Thanks for explaining - let me give this some thought and get back to you with a suggestion!

from promptfoo.

typpo avatar typpo commented on July 26, 2024

Hi @zeldrinn,

Would the output depend on the value of legal_case_text? If so, can you structure it like this:

# ...
tests:
  - vars:
      legal_case_text: 'first case text....'
    assert:
      - type: equals
        value: "Yes"
  - vars:
        legal_case_text: 'second case text.....'
    assert:
      - type: equals
        value: "It is likely"

from promptfoo.

zeldrinn avatar zeldrinn commented on July 26, 2024

thanks for the quick reply @typpo! that's the approach i initially took, but it doesn't fully address the fact that the output also depends on the prompt, not just on the value of the vars (in this case legal_case_text). in other words, a common pattern when trying to optimize prompts is to run all the same test cases (input vars) on all of the different prompt variations (i.e. define your test cases via the cartesian product of [[var1a, var1b, ...], [var2a, var2b, ...], ...] and [prompt_variant_1, prompt_variant_2, ...]).

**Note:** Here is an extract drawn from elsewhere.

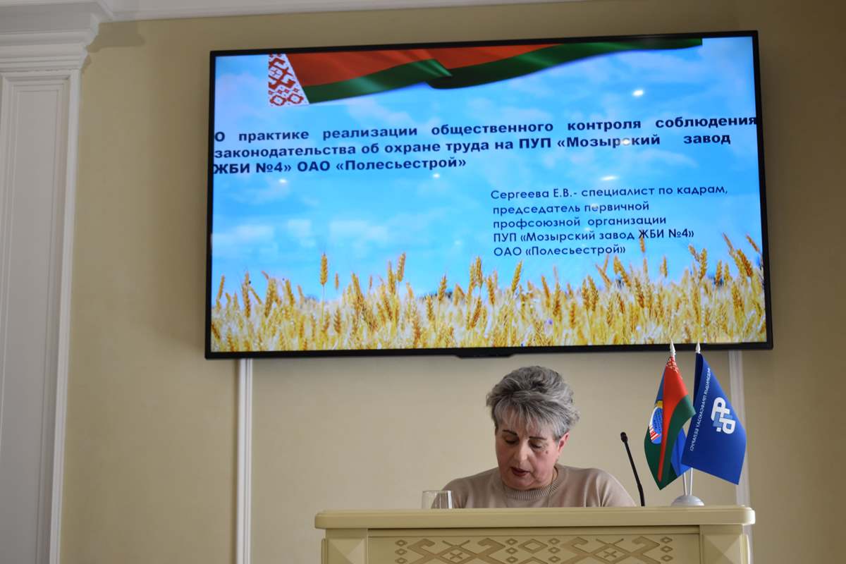 Сергеева поделилась практическими аспектами реализации общественного контроля за соблюдением законодательства в области охраны труда на ПУП «Мозырский завод ЖБИ №4» ОАО «Полесьестрой».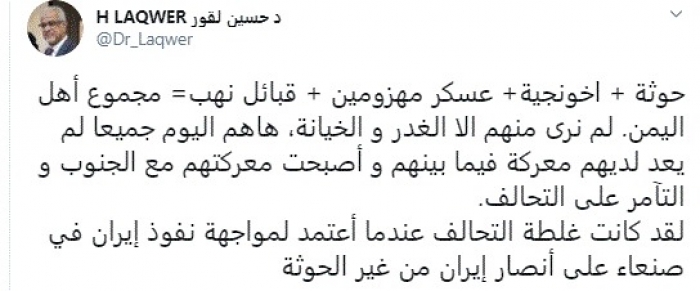 وقال في تغريدة عبر "تويتر" رصدها "المشهد العربي": "حوثة + إخونجية+ عسكر مهزومين + قبائل نهب= مجموع أهل اليمن. لم نرى منهم إلا الغدر والخيانة، ها هم اليوم جميعًا لم يعد لديهم معركة فيما بينهم وأصبحت معركتهم مع الجنوب و التآمر على التحالف".

concretely, in the example we're discussing, "It is likely" is specifically a pattern only found in responses from prompt 2, so it wouldn't make sense to use it for tests run against prompt 1. you could alternatively create separate test config files, each of which references a different set of prompts, but that mostly defeats the purpose of being able to compare the performance of different prompt variations. ideally, the full set of tests (the cartesian product) in this example would be:

[{
    "prompt": "Is the following a violation of U.S. Patent Law?\n\n{{legal_case_text}}\n\nPlease ONLY give a Yes or No answer.",
    "legal_case_text": "first case text",
    "assertion_type": "contains",
    "assertion_value": "Yes"
},
{
    "prompt": "Is the following a violation of U.S. Patent Law?\n\n{{legal_case_text}}\n\nPlease ONLY give a Yes or No answer.",
    "legal_case_text": "second case text",
    "assertion_type": "contains",
    "assertion_value": "Yes"
},
{
    "prompt": "Is the following likely a violation of U.S. Patent Law?\n\n{{legal_case_text}}\n\nPlease give a brief explanation along with your answer.",
    "legal_case_text": "first case text",
    "assertion_type": "contains",
    "assertion_value": "It is likely"
},
{
    "prompt": "Is the following likely a violation of U.S. Patent Law?\n\n{{legal_case_text}}\n\nPlease give a brief explanation along with your answer.",
    "legal_case_text": "second case text",
    "assertion_type": "contains",
    "assertion_value": "It is likely"
}]

from promptfoo.

typpo avatar typpo commented on July 26, 2024

I could implement something like this, essentially what you asked for, an assert list associated with each prompt that will get merged into each individual test cases.

prompts:
  - prompt1.txt:
      assert:
        - type: contains
          value: Yes
  - prompt2.txt:
      assert:
        - type: contains
          value: It is likely
providers: ['anthropic:completion']
tests:
  - vars:
      legal_case_text: 'first case text.....'
  - vars:
      legal_case_text: 'second case text.....'
    assert:
      - type: contains
        value: Other

Based on my understanding I think this will work for you, but just to be explicit, this would test the following:

  • anthropic, prompt1, first case text, contains "Yes"
  • anthropic, prompt1, second case text, contains "Yes" and "Other"
  • anthropic, prompt2, first case text, contains "It is likely"
  • anthropic, prompt2, second case text, contains "It is likely" and "Other"

from promptfoo.

zeldrinn avatar zeldrinn commented on July 26, 2024

this would almost work. only issue is that this wouldn't permit toggling the assertion from "positive" to "negative" (in the case of binary classification tasks), because the type is tied to the prompt. if we just put the value in the prompt > assertion and put the type in the tests section then i believe it would be resolved.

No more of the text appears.